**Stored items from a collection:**
_ _ _
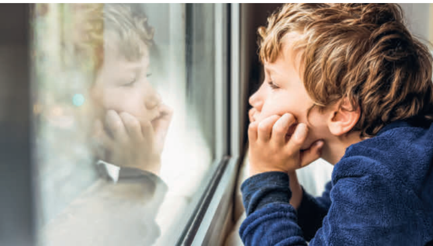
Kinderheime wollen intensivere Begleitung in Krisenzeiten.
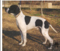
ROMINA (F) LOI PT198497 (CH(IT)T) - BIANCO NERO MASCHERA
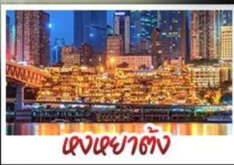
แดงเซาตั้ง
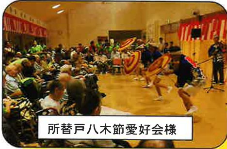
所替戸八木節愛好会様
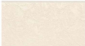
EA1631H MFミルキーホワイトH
_ _ _
**WORK ORDER:** Repeat the records word for word. Leave out whatever pictures they hold.

**RESPONSE TO THIS TASK:**
Kinderheime wollen intensivere Begleitung in Krisenzeiten.
ROMINA (F) LOI PT198497 (CH(IT)T) - BIANCO NERO MASCHERA
แดงเซาตั้ง
所替戸八木節愛好会様
EA1631H MFミルキーホワイトH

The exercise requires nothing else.